The data below should be printed in full, exactly, and without any of its images.

**RAW DATA:**
○ ○ ○ ○ ○
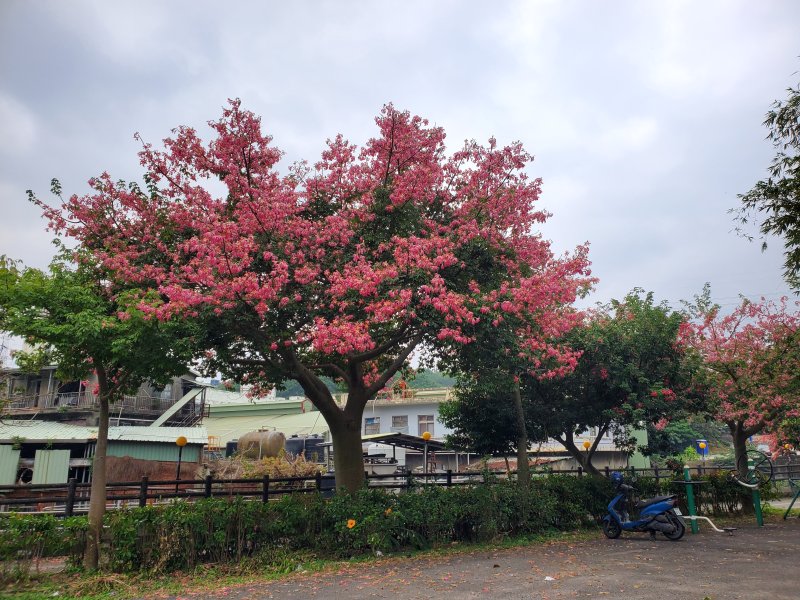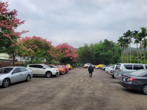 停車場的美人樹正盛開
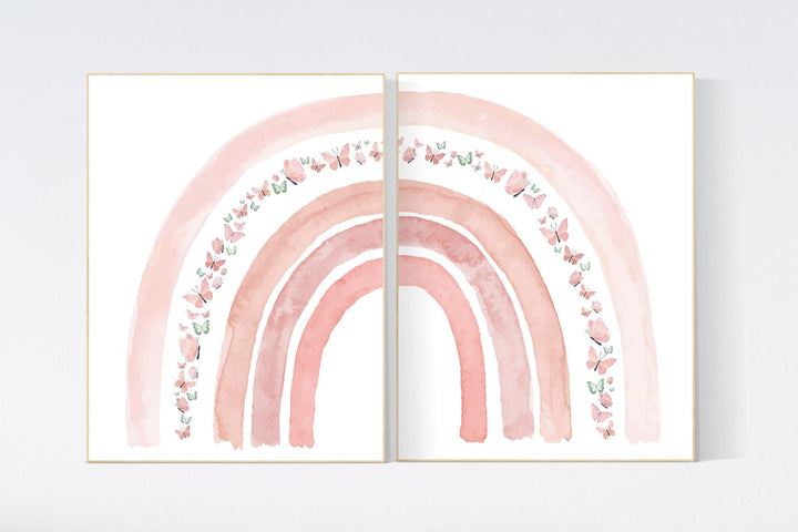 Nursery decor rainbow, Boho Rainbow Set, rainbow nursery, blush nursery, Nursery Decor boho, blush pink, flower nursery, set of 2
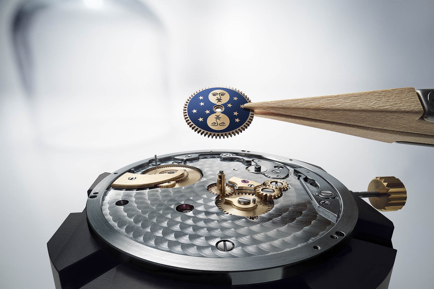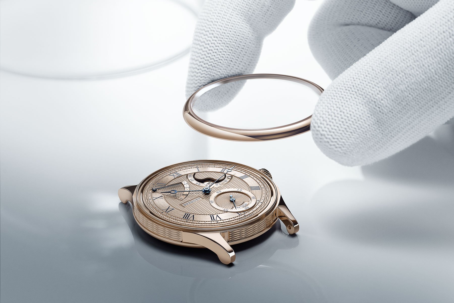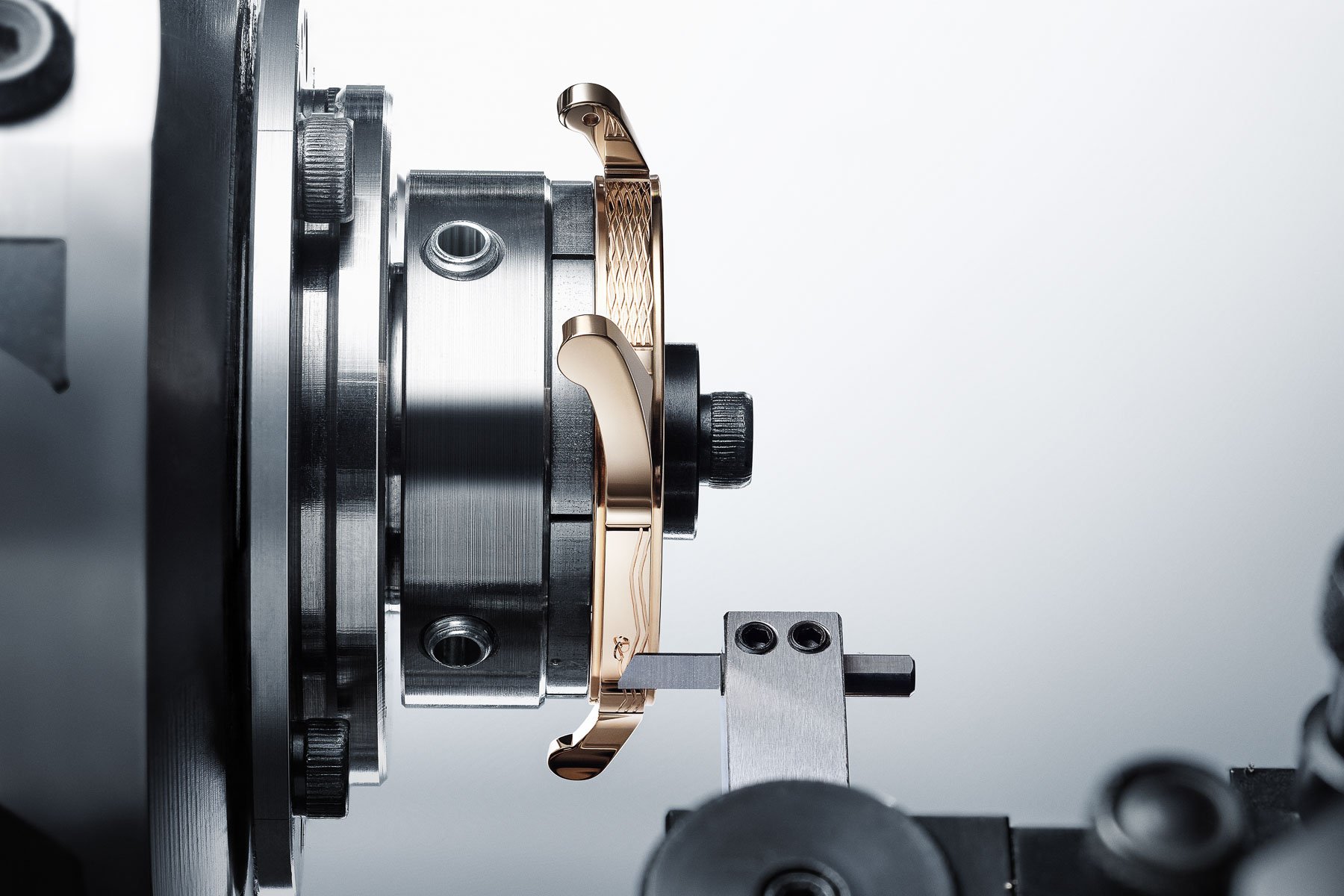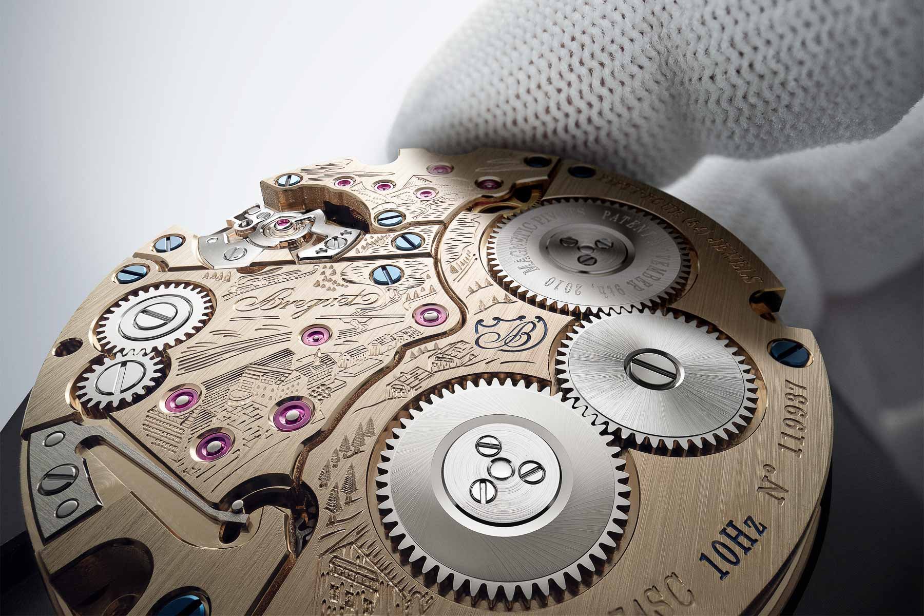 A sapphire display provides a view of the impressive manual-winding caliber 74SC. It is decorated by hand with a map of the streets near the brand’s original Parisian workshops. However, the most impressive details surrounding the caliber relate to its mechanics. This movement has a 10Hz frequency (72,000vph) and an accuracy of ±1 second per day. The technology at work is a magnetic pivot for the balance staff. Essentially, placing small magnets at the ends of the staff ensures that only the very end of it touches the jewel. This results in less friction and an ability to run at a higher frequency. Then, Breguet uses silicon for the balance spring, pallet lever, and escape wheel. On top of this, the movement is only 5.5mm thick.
○ ○ ○ ○ ○
**WRITTEN RESPONSE:**
 停車場的美人樹正盛開
 Nursery decor rainbow, Boho Rainbow Set, rainbow nursery, blush nursery, Nursery Decor boho, blush pink, flower nursery, set of 2
 A sapphire display provides a view of the impressive manual-winding caliber 74SC. It is decorated by hand with a map of the streets near the brand’s original Parisian workshops. However, the most impressive details surrounding the caliber relate to its mechanics. This movement has a 10Hz frequency (72,000vph) and an accuracy of ±1 second per day. The technology at work is a magnetic pivot for the balance staff. Essentially, placing small magnets at the ends of the staff ensures that only the very end of it touches the jewel. This results in less friction and an ability to run at a higher frequency. Then, Breguet uses silicon for the balance spring, pallet lever, and escape wheel. On top of this, the movement is only 5.5mm thick.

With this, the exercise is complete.